St. Patrick's Day Shamrock Cookies

Mix until all ingredients are well blended. Chill dough for 3 to 4 hours before rolling, so the dough is easy to roll, and won't spread during baking.

Preheat oven to 350 degrees. Roll out on a lightly floured counter to 1/4" thick and cut with your favorite Ann Clark cookie cutters, then transfer cookies onto cookie sheets that have been lined with parchment paper or silicone liners. Bake about 8-10 minutes or until lightly colored. Let cookies cool slightly on cookie sheet, then transfer to a wire rack to cool completely. As pictured, decorate with Royal Icing (from our recipes) tinted with one or more drops of food coloring to achieve varying hues, from mint to forest green. You can also top the wet icing with green sugar sprinkles if you like. To draw fine white veins in the shamrock leaves, fill a piping bag with white frosting. If you don't have a piping bag, you can spoon the icing into a zip-lock bag and snip a small hole in one corner with scissors.

Shortbread Dough
Step 1 – Begin by making the cookie dough. I used the Shortbread Recipe that comes with the Rycraft Cookie Stamp. This is a very simple shortbread recipe (I substituted superfine sugar for plain sugar) but you could use any kind or dough that is meant to be rolled and cut. The shortbread may seem a bit crumbly in the bowl, but you should be able to press it together with your hands to get it to form a ball.

Rolling the Dough
Step 2 – Roll out the dough on a lightly floured surface or piece of parchment paper dusted with flour. Roll the dough to about 1⁄4” thick. The surface of the dough doesn’t need to be perfectly smooth or unblemished because you are going to use the cookie stamp to make an impression that will cover imperfections.

Stamping Cookies
Step 3 – Now that the dough is rolled out it’s time to stamp the cookies. To prevent the cookie dough from sticking to the stamp you can dust the stamp with a bit of flour. Make sure to tap all of the flour out of the stamp or use a toothpick to get flour out of the stamp. If the stamp is clogged with flour, you will not get a clean impression. Now stamp as many Shamrocks as you can on the dough you have rolled out approximately 2 1⁄2” apart (center to center). This will ensure that you have enough space to cut them out with your round or scalloped cutter.

Cutting Out Cookies
Step 4 – Cut the cookies out using a 2 1⁄4” Scalloped or Round Cutter.

Removing Excess
Step 5 – Remove excess dough from around the cookies.

Cookies on Sheet
Step 6 – Using an angled spatula lift the cookies onto your cookie sheet. If you are not using a Silpat or nonstick cookie sheet, bake the cookies on a sheet of parchment paper so they won’t stick.
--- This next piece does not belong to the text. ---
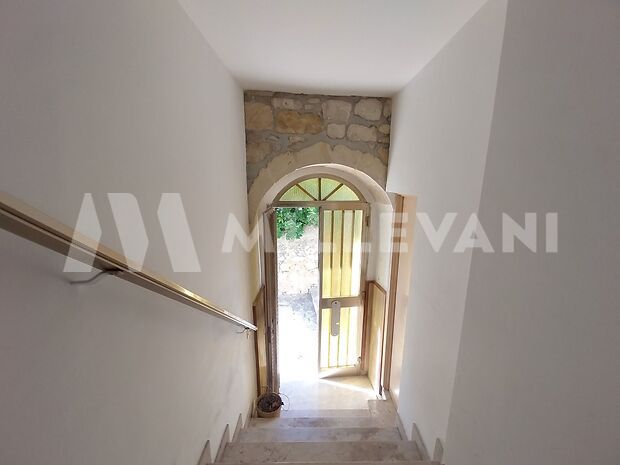 The property, ready to move into immediately, comprises an entrance hall, living/dining room with a panoramic balcony, kitchenette, single bedroom, double bedroom, also with a panoramic balcony, and a recently renovated bathroom on the first floor. On the ground floor, there is a kitchenette that could be converted into a studio apartment for guests with a separate entrance.

Step 7 – Once your cookie sheet is filled put the cookie sheet in the refrigerator for 20 minutes. This will help the shamrock design to come out more crisply and will minimize puffing. Turn the oven to the temperature indicated on the recipe.
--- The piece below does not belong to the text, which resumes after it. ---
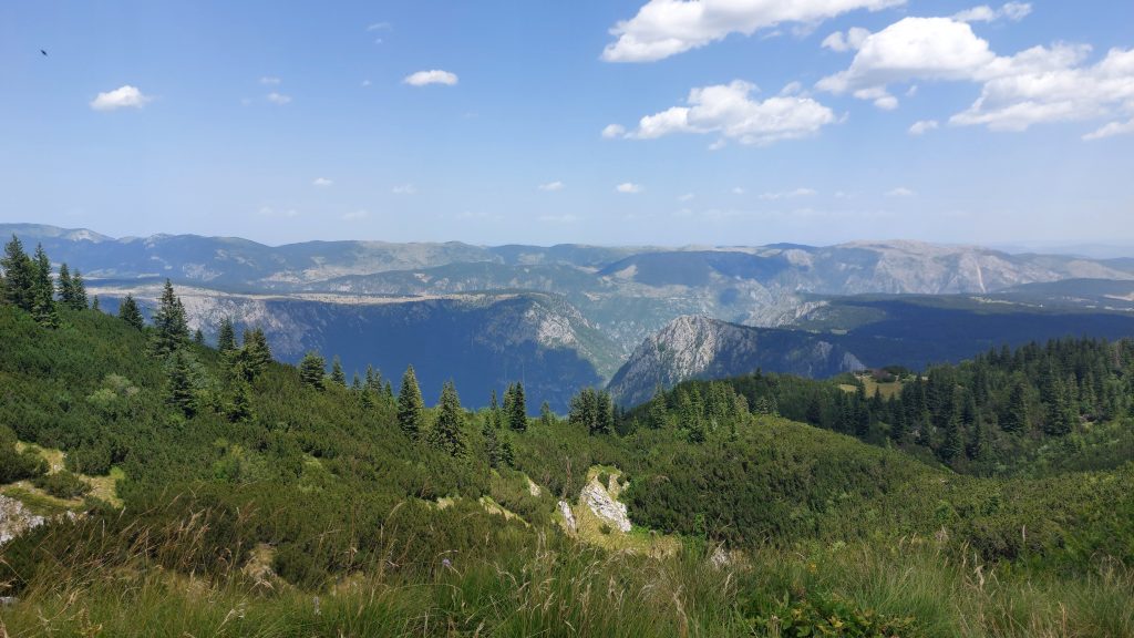 Wir haben uns also noch einmal in den Durmitor Nationalpark, der mit den wirklich engen Straßen, begeben und die Rundfahrt („Panoramastraße 2: Durmitor-Ring“) gestartet. Gespickt mit Erläuterungen und Interviews – zu den Dörfern (dass einige im Winter von der Außenwelt abgeschnitten sind oder nur noch 14 Leute im gesamten Ort wohnen); Erklärungen zur Geschichte; Details zu Flora und Fauna; Legenden zu Bergen und Tälern und Namensgebungen; zum typischen Essen im bergigen Norden u. v. m. – sind wir knapp sechs Stunden unterwegs gewesen.

Step 8 – Now it’s time to bake the cookies. Pull the cookie sheet directly out of the refrigerator and place in the oven. Bake as per the recipe. I baked these cookies for about 12 minutes.
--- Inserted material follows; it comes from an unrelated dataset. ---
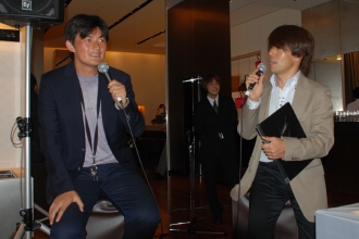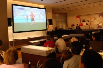 午後8時過ぎ、応援グッズを身にまとったファウストとその友人たちがドリンクとフィンガーフードを楽しみながら試合開始を待っていると、このイベントのスペシャルゲストで元サッカー日本代表・岩本輝雄氏と、MCのアナウンサー大庭荘介氏が会場に現れた。マイクを手にした2人は、「実はルイ・ヴィトンが、今回のワールドカップトロフィーのキャリーケースを製作していることから、このイベントが成立した」――という逸話や、「オランダに勝つ秘訣は前半で先制点を獲ること」――といった解説&ライヴトークで会場を盛り上げた。普通のパブリックビューイングでは決して味わえない、贅沢なトークに会場全体が熱中するなか、時計はキックオフの午後8時30分。特設巨大スクリーンに、ついにピッチに入場するイレブンたちの姿が映し出された。

Step 9 – Remove cookies from the oven and let cool. Move to a cooling rack.

Mixing Luster Dust Paint
Step 10 – Once the cookies are completely cool, it is time to decorate! This is my favorite part! Begin by mixing together the luster dust and lemon juice. The lemon juice is used because it is clear and will help to make a paint out of the luster dust. You could try other clear liquids. Clear vanilla and vodka work as well. Mix the luster dust and lemon juice to the desired consistency. I wanted the emerald green to be a vibrant and saturated with color, so I used very little lemon juice to luster dust. Try 1/8 tsp luster dust per 1 drop of lemon juice. From there you can add more of either depending on what shade you want. Use a small paint brush to mix the luster dust and liquid.


  1. Kanelingres

    According to mine, it's not the best option

  2. Maclane

    You are not right. I'm sure. I propose to discuss it. Email me at PM, we'll talk.

  3. Edrigu


  4. Antoine

    so, what is next!

  5. Justain

    I'm sorry, but I think you are wrong. I'm sure. I can defend my position.